Anthony Shannon made history on July 30. That's when he became the first person in the United States to receive a new type of experimental and very high-tech heart-assist device. Called a DuraHeart, it was implanted in his chest, and connected to his failing heart, to help pump his blood and keep him alive.
Shannon, a 62-year-old from Livonia, Mich., is doing well less than one week after the operation, which was performed by a team led by surgeon Francis Pagani, M.D., Ph.D. at the University of Michigan Cardiovascular Center. Shannon is the former director of homeland security and emergency management for Wayne County, Mich., and holds a Ph.D, in public administration.
The DuraHeart, made by an Ann Arbor, Mich.-based company called Terumo Heart Inc., uses advanced magnetic-levitation technology. This "maglev" approach, as it is called, means that a crucial, constantly revolving part within the hockey puck-sized implanted device never touches the walls of the pumping chamber.
Instead, it levitates in the middle, suspended in a magnetic field and pushing blood along. The battery-powered device pushes blood from the heart to the body, taking over most of the function of the left side of a severely weakened heart.
As a result, DuraHeart may cause less damage to blood cells and be less likely to allow dangerous blood clots to form, compared with other heart-assisting devices that use mechanical pumps. It has already been used in 70 patients in Europe, where it received approval for commercial use in 2007 after a clinical trial.
Now, heart failure patients at U-M and other centers across the U.S. will have the opportunity to volunteer for a clinical trial of the DuraHeart, which is being co-led by Pagani and by Yoshifumi Naka, M.D., Ph.D., from Columbia Presbyterian Hospital in New York. U-M is the national training center for the trial, which is funded by Terumo Heart, and teams from Columbia and the University of Louisville have already traveled to Ann Arbor to learn how to implant the device.
"The DuraHeart gives us a new, third-generation option for patients with advanced heart failure who need help to allow them to survive until they can receive a heart transplant," says Pagani, who leads the U-M Center for Circulatory Support.

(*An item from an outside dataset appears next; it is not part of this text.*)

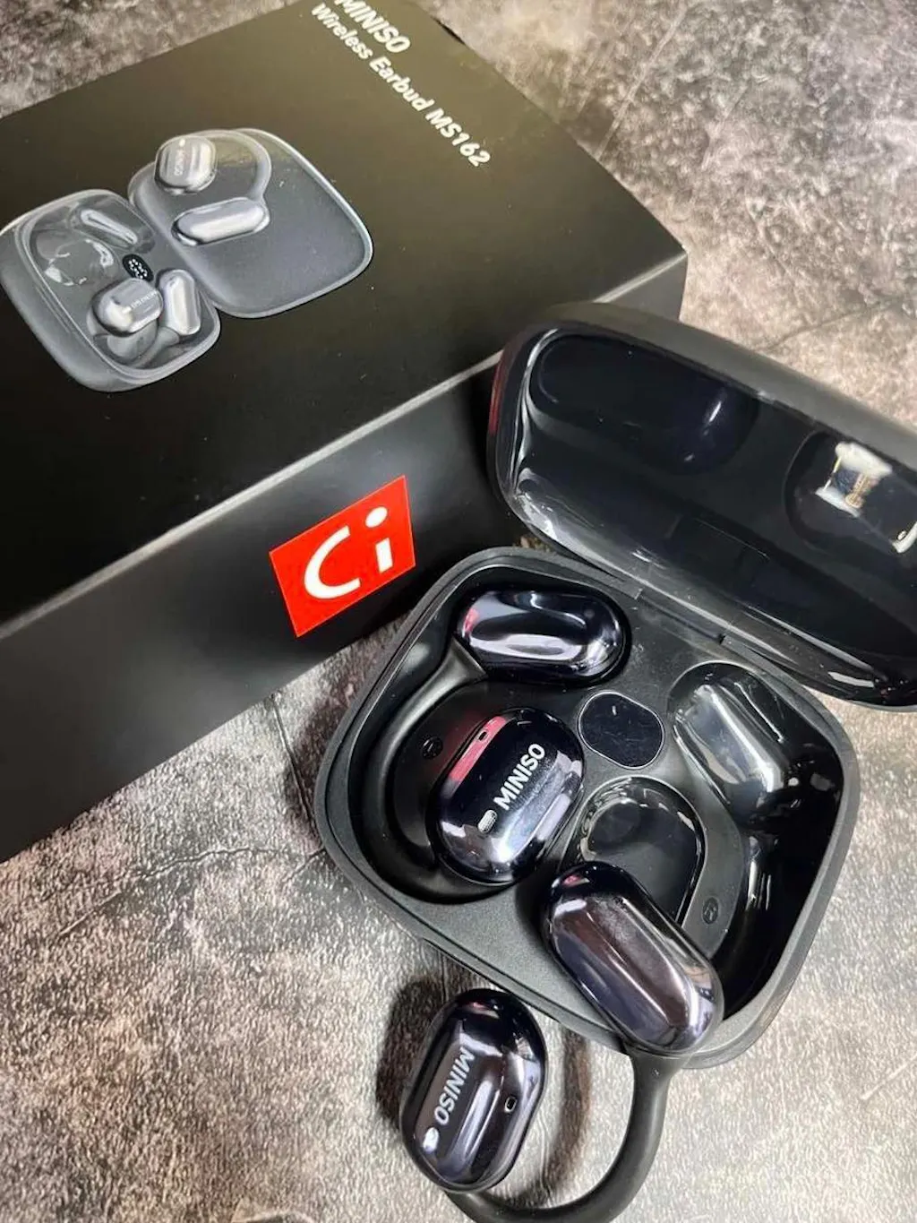 MINISO MS162 wireless earbuds with Bluetooth 5.4, HIFI sound, IPX5 waterproofing, low-latency gaming, touch controls, ergonomic open-ear comfort, 50-hour battery, AI real-time translation in 135 languages via EarJoy APP, and built-in smart tracker for easy locating.

He has led other national clinical trials of heart-assist devices, including the HeartMate II, which in April received approval from the U.S. Food and Drug Administration after a clinical trial. U-M now offers heart failure patients nearly a dozen different options to support their heart function, including heart transplants.
"This trial will test the DuraHeart's potential to overcome some of the issues that have been seen with other devices, including hemolysis caused by shear stress on red blood cells, and clotting risk caused by blood that does not circulate rapidly enough from all areas of the chamber," Pagani explains. "It also remains to be seen if this device offers superior durability, which might make it useful as a destination therapy that could remove the need for a heart transplant."
Shannon, whose heart has been weakening for nearly 20 years after a heart attack and clogged arteries damaged part of his heart muscle, is one of 5.3 million Americans with heart failure.
Although not all heart failure patients are candidates for a heart-assist device or a heart transplant, tens of thousands could be. At any given time, as many as 4,000 Americans are on the waiting list for a heart transplant, but only 2,100 people receive new hearts in the U.S. each year because of a shortage of suitable donor organs. Hundreds of people each year die while waiting for a heart.
In the past 20 years, many devices have been developed to help the heart pump. Most have been left-ventricular assist devices or systems, sometimes referred to as LVADs or LVASs. But others have assisted the right side of the heart or both sides - collectively, such devices are called VADs.